Well normally, hypothesis is wrong <-> null hypothesis is right.
No, if the null hypothesis is right that implies that the hypothesis is wrong, but the implication relationship does not go the other direction.

Consider an experiment where your hypothesis is that cold temperatures cause the common cold. This is a good example for a thought experiment because we "know the answer" in a way (there have been a lot of experiments on this). The null hypothesis in this case is that cold temperatures are uncorrelated with incidence of the common cold.

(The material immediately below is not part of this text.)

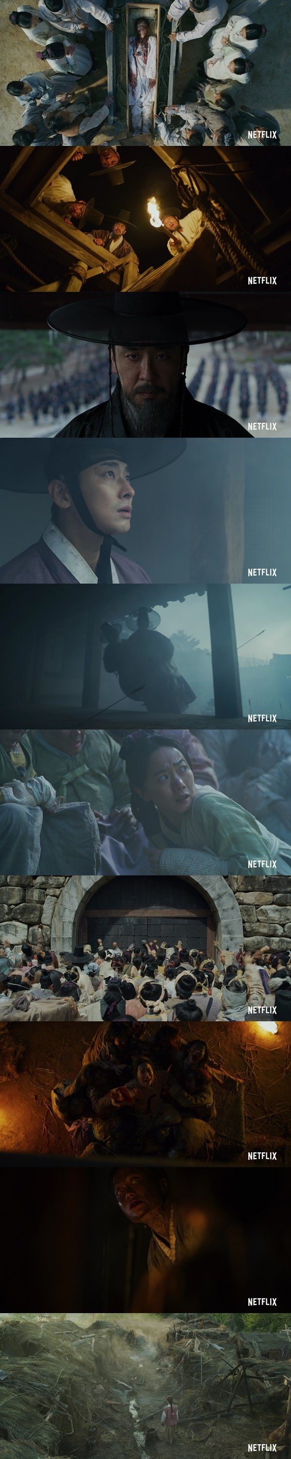 공개된 2차 예고편에서는 의문의 시신이 의녀 ‘서비’(배두나 분)가 일하는 지율헌에 도착하면서 곧 원인 모를 역병으로 쓰러진 백성들을 보여준다. 서비의 절박한 외침과 함께 정체를 알 수 없는 존재들인 괴물들이 굶주림에 허덕이며 공포에 휩싸인 백성들을 예고 없이 공격한다. 영의정 ‘조학주’(류승룡 분) 역시 권력을 위해 왕세자 ‘이창’(주지훈 분)을 병사들로 조여가며, 미스터리한 역병의 뒤에 숨어있는 거대한 음모에 대한 호기심도 한층 높여 역대급 볼거리와 스토리를 예고하고 있다.

You place people in isolation in cold areas and a control group in warm areas, and study how many get the common cold. None of the people who didn't already have colds get the common cold: because they are in isolation and the common cold is caused by rhinoviruses (which they can't get because they are in isolation), you get exactly the same results.

This disproves the hypothesis, but it does not prove the null hypothesis, that cold temperatures and the common cold are unrelated. Cold temperatures are, in fact, related to the common cold.

Try a second experiment: you place people in groups of five in cold areas and in warm areas, and discover a moderately high correlation between cold temperature and incidence of the common cold. This disproves the null hypothesis. But the simple hypothesis that cold temperature causes the common cold has also been disproven by your first experiment.

The reason for this is that the correlation between cold temperature and the common cold is a dependent correlation: given that rhinovirus is present in the system cold temperature is correlated with incidence of common cold (rhinoviruses reproduce ideally at temperatures significantly lower than human homeostatic temperature).

The null hypothesis is not just a statement that there is no independent correlation, it's a statement that there is no independent or dependent correlation. As such, the null hypothesis is an extremely broad hypothesis which is impossible to practically prove. This is why there's such a focus on finding correlations rather than finding non-correlations: you aren't going to prove the null hypothesis.